Hier beschreiben wir ein Verfahren zur Montage Zebrafischembryonen für langfristige Bildgebung, Zwei-Photonen-Imaging-und Gewebe-Schaden Techniken und Zeitraffer-konfokale Bildgebung.
Zebrafische sind seit langem verwendet, um die zellulären und molekularen Mechanismen der Entwicklung von Zeitraffer-Bildgebung des lebendigen transparent Embryo zu studieren. Hier beschreiben wir eine Methode zur Zebrafisch-Embryos für die langfristige Bildgebung montieren und zu demonstrieren, wie die Erfassung von Zeitraffer-Aufnahmen mit einem konfokalen Mikroskop zu automatisieren. Wir beschreiben eine Methode, um den kontrollierten, präzisen Schäden an einzelnen Zweigen der peripheren sensorischen Axone im Zebrafisch mit dem Schwerpunkt Kraft eines Femtosekunden-Laser auf einem Zwei-Photonen-Mikroskop montiert erstellen. Die Parameter für eine erfolgreiche Zwei-Photonen-Axotomie muss für jedes Mikroskop optimiert werden. Wir werden Zwei-Photonen-Axotomie sowohl auf custom built Zwei-Photonen-Mikroskop und einem Zeiss 510 konfokalen / Zwei-Photonen auf zwei Beispiele geben zu demonstrieren.
Zebrafisch Trigeminus sensorischen Neuronen können in einer transgenen Linie, die GFP durch ein sensorisches Neuron spezifischen Promotor 1 angetrieben visualisiert werden. Wir haben diese Zebrafisch Trigeminus-Modell angepasst, um direkt zu beobachten sensorischen Axonregeneration in lebenden Zebrafisch-Embryonen. Die Embryonen werden betäubt mit Tricaine positioniert und in einem Tropfen Agarose als sie erstarrt. Immobilisierte Embryonen werden in einem bildgebenden Kammer mit Phenylthioharnstoff (PTU) Ringers gefüllt versiegelt.
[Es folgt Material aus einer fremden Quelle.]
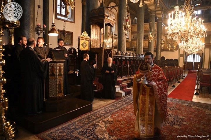 O Οικουμενικός Πατριάρχης Βαρθολομαίος χοροστάτησε σήμερα, Κυριακή, 5 Απριλίου 2020, στην Θεία Λειτουργία για την Κυριακή Ε’ των Νηστειών, η οποία τελέστηκε στον Πάνσεπτο Πατριαρχικό Ναό.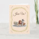 O design de Convite à Chá de fraldas de de Animais Enchidos Enchidos Enchidos Enchidos Enxerga a imagem de animais empalhados adoráveis reunidos contra um fundo bege na frente, prontos para receber o Bebê. O Dentro apresenta a sua mensagem personalizável em caracteres castanhos. A design é rodeada por folhas verdes de palma. Teddy Bear faz outra aparição nas costas. Projetado para acompanhar o Chá de fraldas de animais bem acolhidos Obrigado Cartões e acessórios.
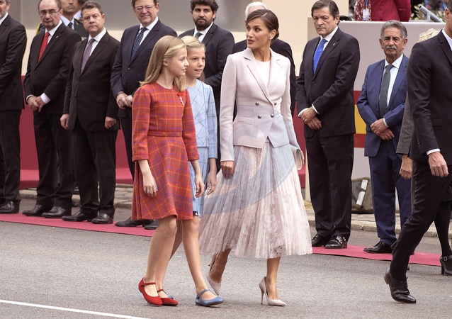 Hiszpanska para krolewska z corkami podczas Dnia Narodowego

Wir haben festgestellt, dass Embryonen kontinuierlich in diesen Kammern werden für 12-48 Stunden abgebildet. Ein einziger konfokalen Bild wird dann erfasst, um die gewünschte Stelle des Axotomie bestimmen. Die Region von Interesse ist auf der Zwei-Photonen-Mikroskop durch die Abbildung der sensorischen Axone bei niedrigen, nicht-schädliche Macht entfernt. Nach dem Zoomen in die gewünschte Stelle des Axotomie, wird die Leistung erhöht und einen einzigen Scan des definierten Bereichs ist ausreichend, um das Axon zu durchtrennen. Mehrere Lage Zeitraffer-Imaging wird dann auf einem konfokalen Mikroskop direkt beobachten axonalen Erholung von Verletzungen gesetzt.
Wir haben die Methoden beschrieben, um genau axotomize peripheren sensorischen Axonen und direkt zu beobachten Regeneration im lebenden Zebrafisch-Embryos verwendet. Langfristige Zeitraffer-konfokale Bildgebung in Zebrafisch kann verwendet werden, um viele Entwicklungsprozesse in vivo zu beobachten. Die Zwei-Photonen-Axotomie beschriebene Verfahren kann für viele verschiedene experimentelle Ziele modifiziert werden. Wir haben die gleiche allgemeine Verfahren zur gesamten Trigeminus sensorischen Neurons Zellkö…
Wir danken Mark Terasaki für Erstberatung mit einem Zwei-Photonen-Mikroskop, um lokale Gewebeschäden, Kathy Joubin um Rat Halterung für Zeitraffer-Imaging und der Sagasti und Portera-Cailliau Labors für Diskussionen zu schaffen. Erste Versuche wurden von AS als Grass Foundation Fellow am Marine Biological Labs in Woods Hole, MA durchgeführt. Die Arbeit im Labor war Sagasti durch Zuschüsse aus dem Whitehall-Stiftung, die Klingenstein Foundation, und ein Burroughs Wellcome Fund Career Award in den biologischen Wissenschaften unterstützt.